> Instructions for the task
Write every entry out again with no changes, and leave the images behind.

> Extracted records

- Opening Delimiter -

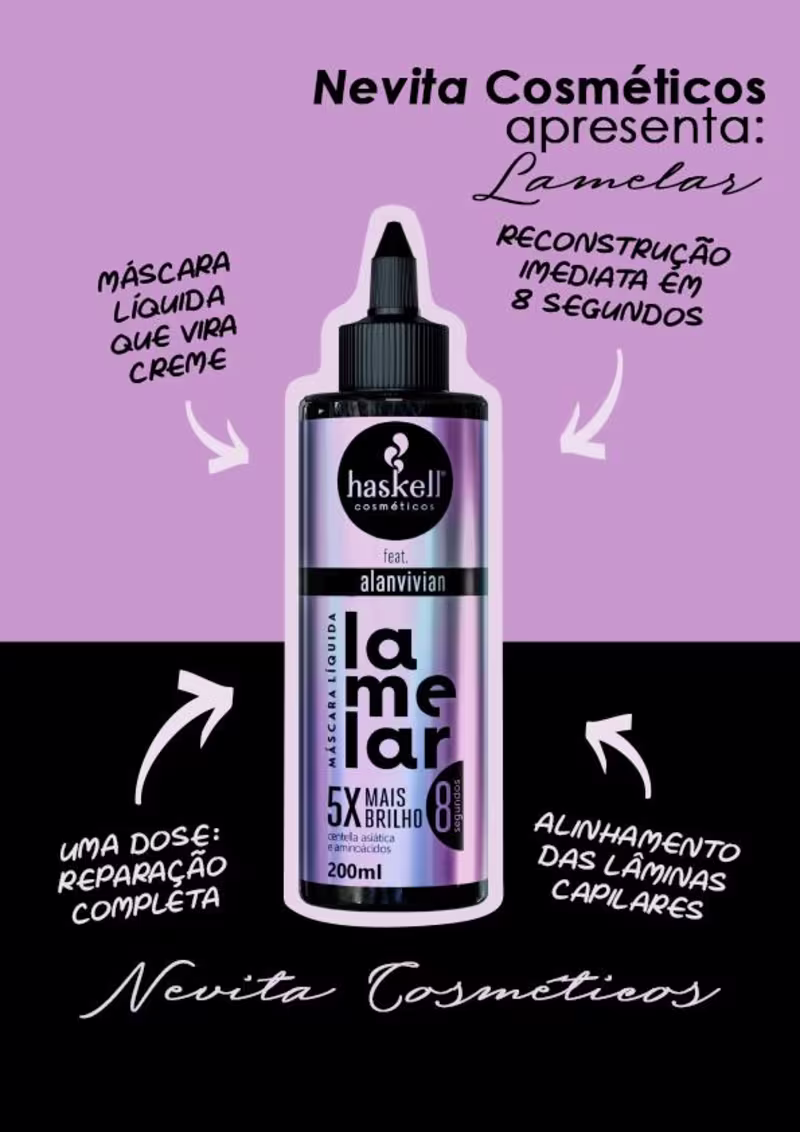 Máscara Líquida Lamelar: reconstrução intensiva e imediata, alinhamento das lâminas capilares, fios 5 vezes mais brilhantes.
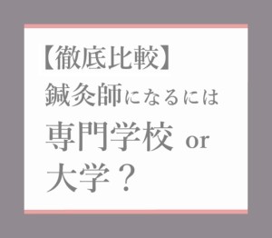 鍼灸師の学校 【徹底比較】鍼灸師になるには専門学校 or 大学? 2025.10.10 鍼灸師は、鍼や灸を用いて身体のバランスを整え、痛みや不調を改善する専門家です。「鍼灸師になるには専門学校と大学、どちらに進学すればいい?」「それぞれの違いは何?」そんな疑問をお持ちの方へ、この記事では鍼灸師になるための2つの選択肢、専門学校と大学を徹底比較し、それぞれのメリット・デメリットを詳しくご紹介します。この記事を読むことで、将来の目標に向かって一歩踏… more
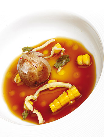 Aus 2 l entfetteter Hühnerbrühe und 4 Eiweiß eine geklärte Hühnerbrühe (Consommé) zubereiten. Nudeln hinzufügen. Das marinierte Eigelb zu Blättern formen und zum Anrichten verwenden.
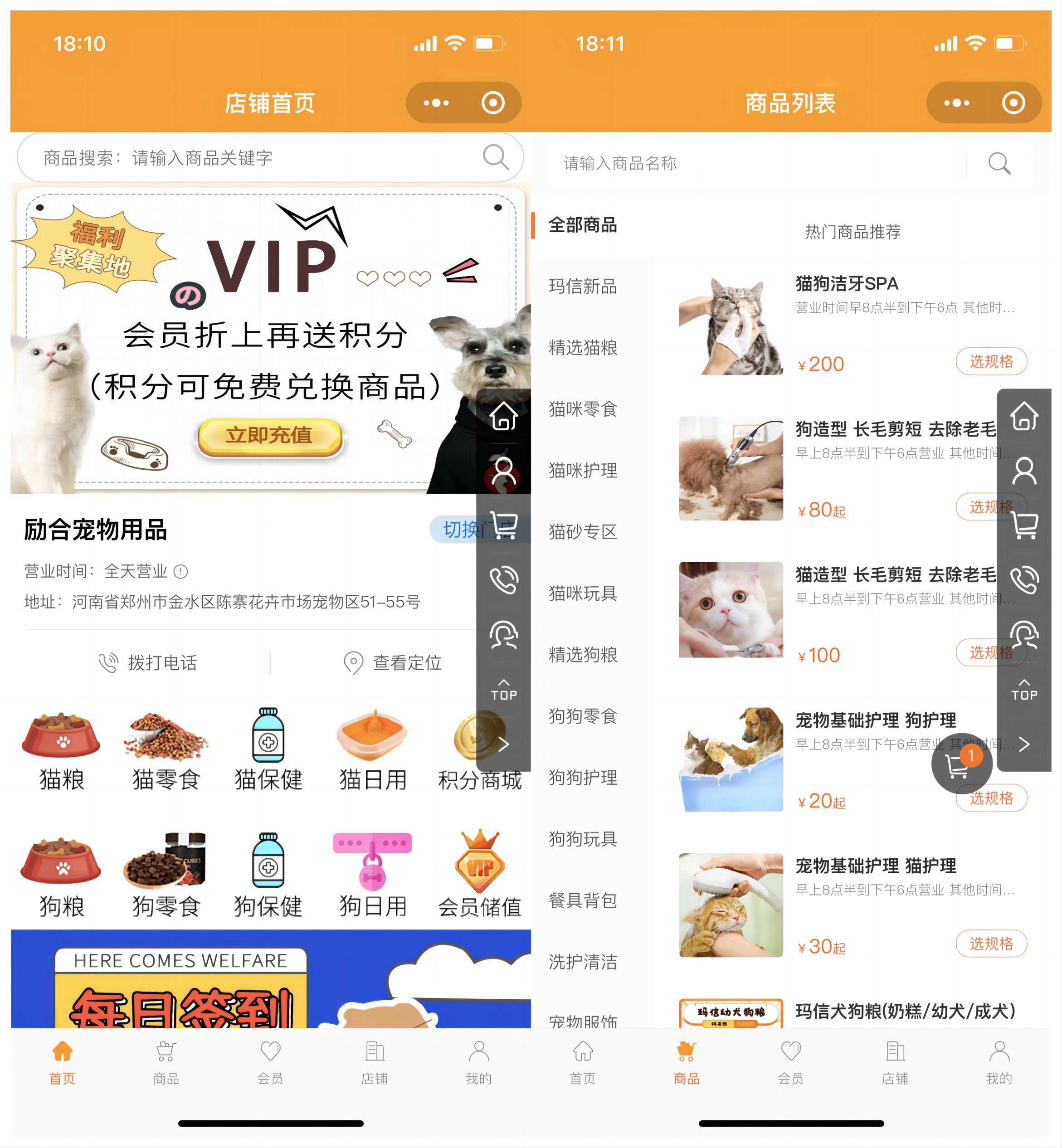 小程序商城內所有非服務類的商品,都支持到店自提或者快遞到家,消費者可以自定義選擇距離自己最近的勵合寵物門店自提。
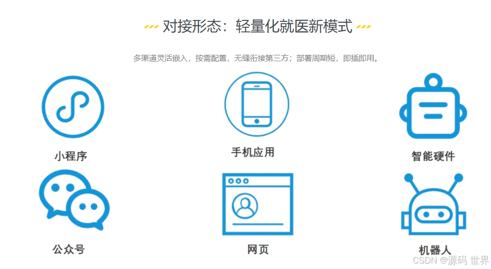 支持公众号、小程序、App、自助机、导诊机器人等多终端,兼容文字、语音、图像交互。
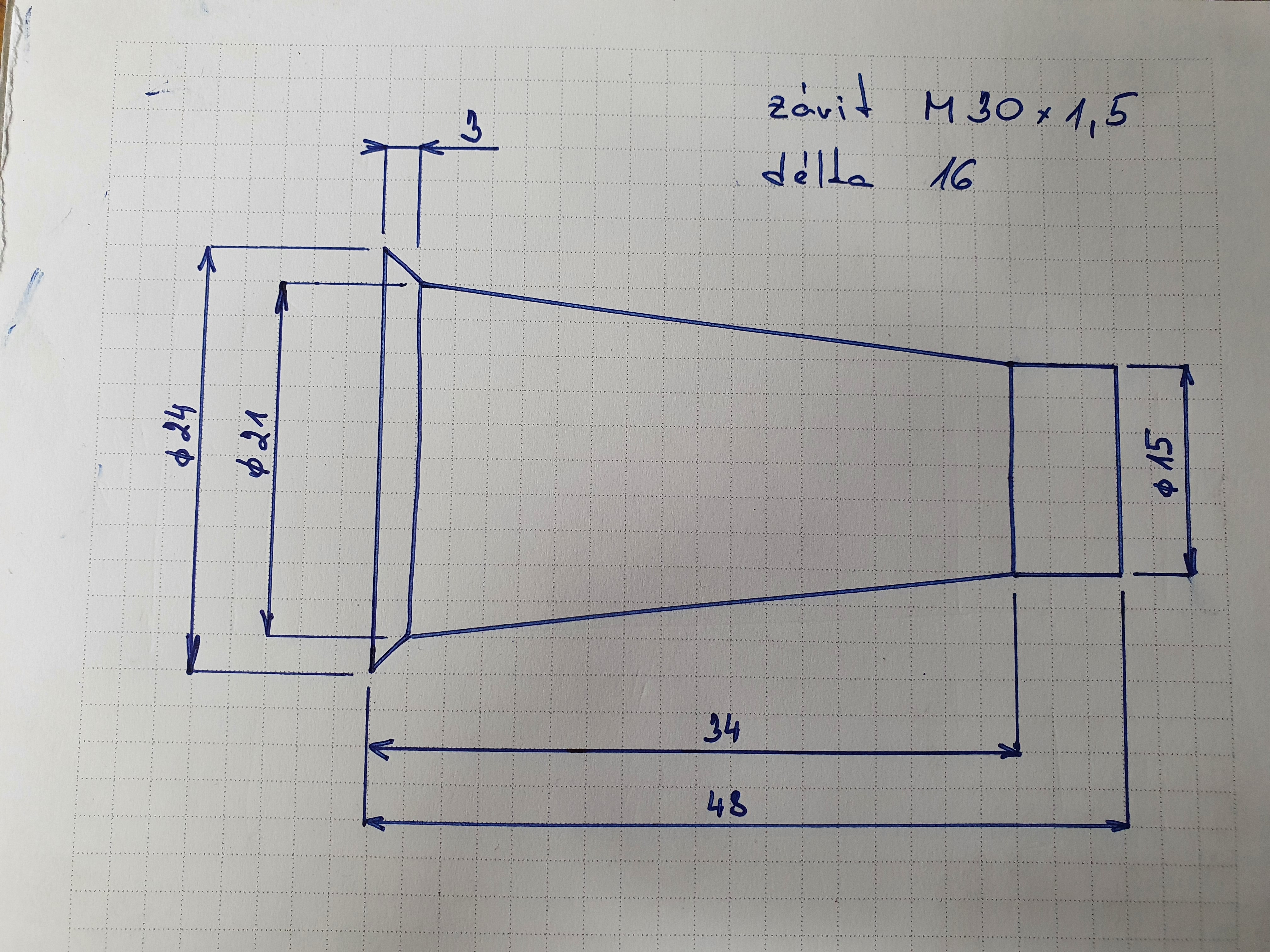 Ahoj dneska jsem to v ramci moznosti premeril, nemam treba subito... takze jako merici trn jsem pouzil stopky dvoubritek :D Nema nekdo aspon na pujceni jednu, na vyzkouseni? Matka ma mit M30x1.5 Diky
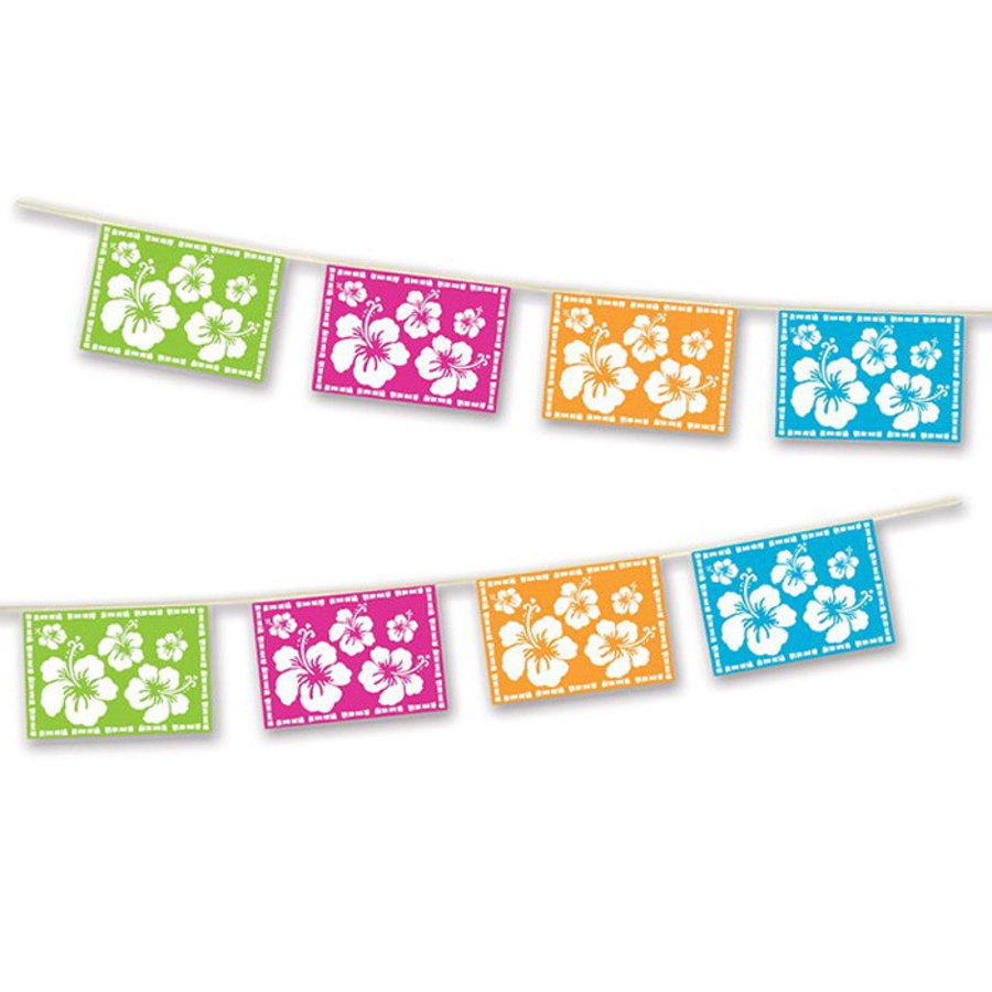 Een rechthoekige vlaggenlijn bedrukt met prachtige tropische Hibiscus bloemen. Verhoogt gelijk de sfeer. Perfect voor tropische Hawaii, zomer en beach themafeesten. Lengte 3.66 meter. Enkelzijdig bedrukt.
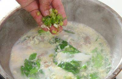 汤三度滚开时,将蛋液缓缓倒入高汤中。汤再次滚时,加入调味料,同时以汤勺搅拌,让调味料均匀散开。
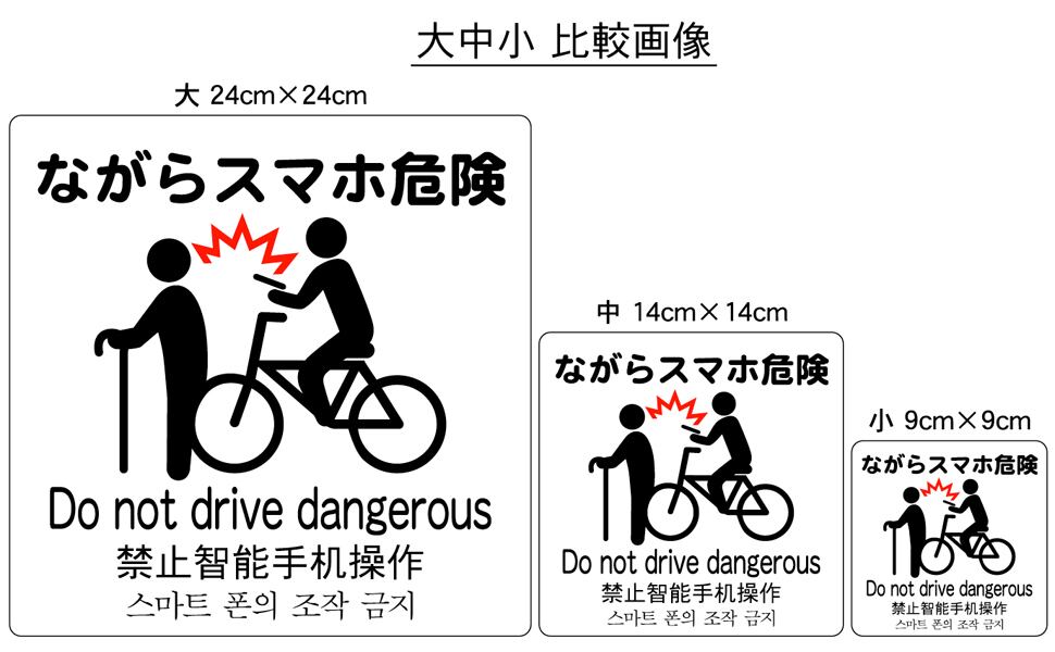 ステッカー・警告2・14×14cm・ながらスマホ危険

- Closing Delimiter -

> Output of the exercise
 Máscara Líquida Lamelar: reconstrução intensiva e imediata, alinhamento das lâminas capilares, fios 5 vezes mais brilhantes.
 鍼灸師の学校 【徹底比較】鍼灸師になるには専門学校 or 大学? 2025.10.10 鍼灸師は、鍼や灸を用いて身体のバランスを整え、痛みや不調を改善する専門家です。「鍼灸師になるには専門学校と大学、どちらに進学すればいい?」「それぞれの違いは何?」そんな疑問をお持ちの方へ、この記事では鍼灸師になるための2つの選択肢、専門学校と大学を徹底比較し、それぞれのメリット・デメリットを詳しくご紹介します。この記事を読むことで、将来の目標に向かって一歩踏… more
 Aus 2 l entfetteter Hühnerbrühe und 4 Eiweiß eine geklärte Hühnerbrühe (Consommé) zubereiten. Nudeln hinzufügen. Das marinierte Eigelb zu Blättern formen und zum Anrichten verwenden.
 小程序商城內所有非服務類的商品,都支持到店自提或者快遞到家,消費者可以自定義選擇距離自己最近的勵合寵物門店自提。
 支持公众号、小程序、App、自助机、导诊机器人等多终端,兼容文字、语音、图像交互。
 Ahoj dneska jsem to v ramci moznosti premeril, nemam treba subito... takze jako merici trn jsem pouzil stopky dvoubritek :D Nema nekdo aspon na pujceni jednu, na vyzkouseni? Matka ma mit M30x1.5 Diky
 Een rechthoekige vlaggenlijn bedrukt met prachtige tropische Hibiscus bloemen. Verhoogt gelijk de sfeer. Perfect voor tropische Hawaii, zomer en beach themafeesten. Lengte 3.66 meter. Enkelzijdig bedrukt.
 汤三度滚开时,将蛋液缓缓倒入高汤中。汤再次滚时,加入调味料,同时以汤勺搅拌,让调味料均匀散开。
 ステッカー・警告2・14×14cm・ながらスマホ危険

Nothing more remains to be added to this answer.